Open source in the AI era: a new dependency
The Gemini CLI case highlights a broader issue with open source in artificial intelligence. For decades, releasing the code of a tool offered the community a real path for continuity. In generative AI, that guarantee can be fragile if the open project depends on closed models, private APIs, or centralized infrastructure.
A library, editor, or framework can survive after its original company withdraws. But an AI client that functions only when connected to proprietary models is far more vulnerable. Open-source code may be important but isn’t necessarily sufficient on its own.
This prompts technical teams to ask tougher questions before deploying AI tools in production: Does it work with multiple providers? Can it switch models without rebuilding everything? Can the provider cut off access on short notice? Are local or open weights options available? Does the project have independent governance, or is it wholly dependent on a single company’s decisions?
Antigravity could become a valuable tool, potentially improving performance, multi-agent coordination, and integrated experience compared to Gemini CLI. But that’s not the only concern. The real issue is whether Google managed the transition well, considering the community’s contribution to the original tool. Many developers feel the answer is negative.
The real risk: loss of influence
The lesson isn’t just that Google discontinues products. It’s that contributing to a large company’s open-source project doesn’t necessarily grant influence over its future. You might access the code, contribute improvements, and gain visibility, but strategic control remains with the platform owner—especially when much of the value relies on proprietary services.
This doesn’t mean developers should refuse all corporate open-source tools; many have been crucial to the industry. It does mean distinguishing between open code, open governance, and operational dependence. They are three separate things.

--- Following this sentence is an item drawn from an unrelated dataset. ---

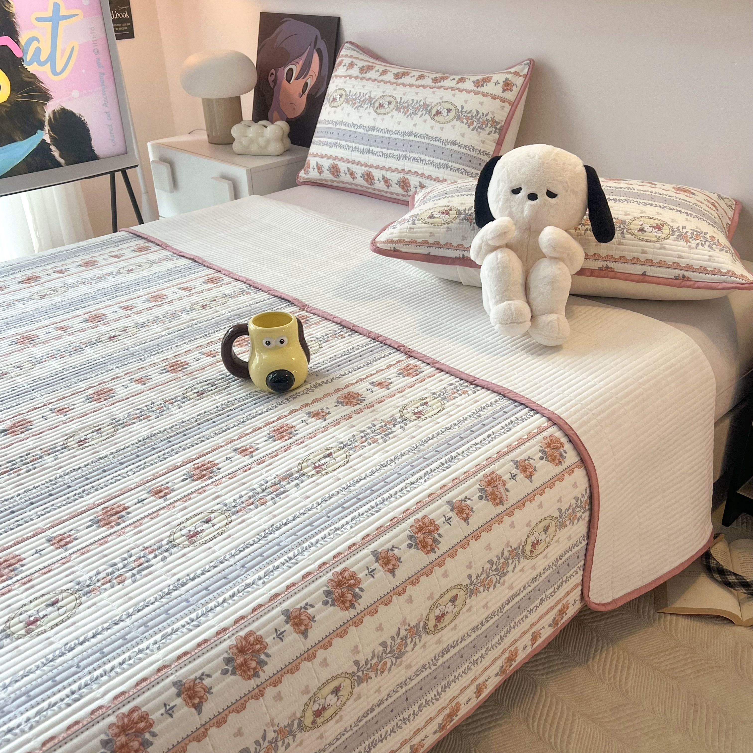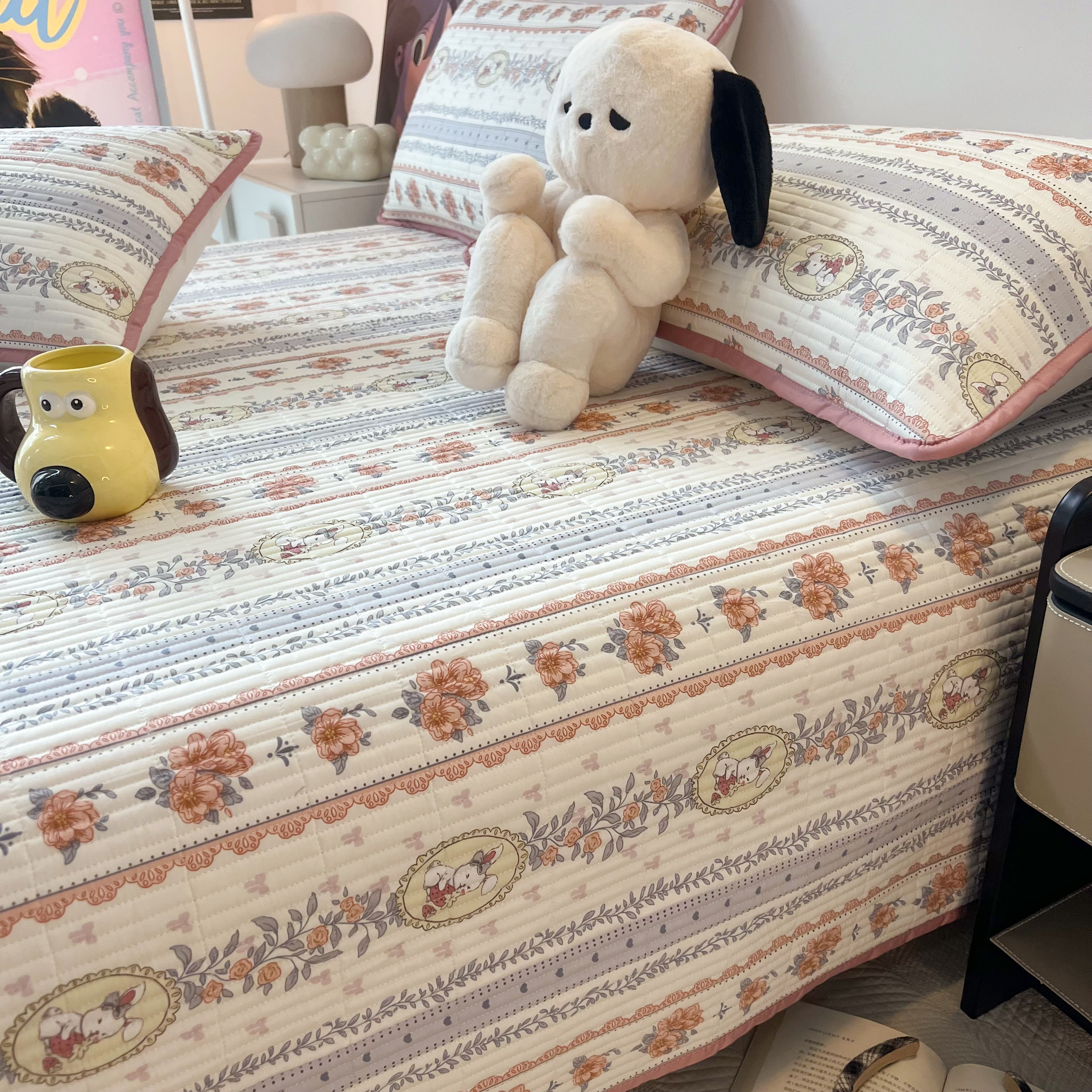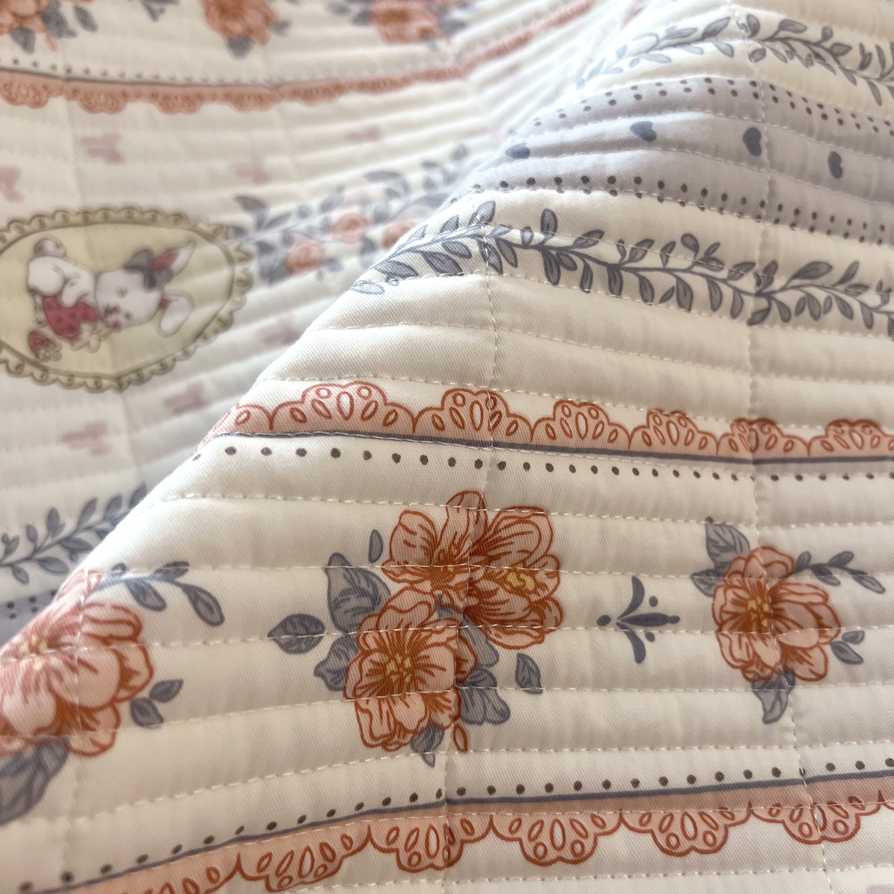 (总)HL原创 2024新款全棉印花床盖,可可小兔,咖色兔,小黄花,摩卡,法式风情,波点狗,温馨小花,牛牛,玫瑰花园,粉色小花,紫小花,紫色花园,紫色草莓,紫萱,紫藤花,绅士格,绿百合,绿荫,绿野仙踪,草莓之恋,草莓小兔,萌宠,赫本,迷梦,追梦蓝,雅灰,魔法猫

Gemini CLI’s code was open, but its practical continuity depended on Google. When Google decided to focus efforts on Antigravity CLI, the community saw the real limits of their influence. Legally, the repository remained intact; socially and strategically, trust was affected.
For companies, the message is clear: if an AI tool is part of your daily workflow, just checking the license isn’t enough. You need to understand who controls access, models, quotas, roadmap, and what happens if the product disappears. In the era of agents, influence isn’t just in the repository—it’s in everything that happens behind the scenes.
Frequently Asked Questions
What will happen to Gemini CLI on June 18, 2026?
Google will stop serving requests for Gemini CLI and Gemini Code Assist IDE extensions to free users, Google AI Pro, Ultra, and individual Gemini Code Assist users.
Does Gemini CLI stop being open source?
No. The repository remains available under Apache 2.0 license. The issue is that practical access to the service changes for many users because it depended on Google’s models and infrastructure.
What is Antigravity CLI?
It’s the new command-line tool integrated into Google’s Antigravity platform, designed for multi-agent workflows and sharing backend with Antigravity 2.0.
Why has this upset the community so much?
Because Gemini CLI received thousands of contributions from external developers, and now individual users must migrate to a tool that, for now, doesn’t offer the same degree of openness or feature parity.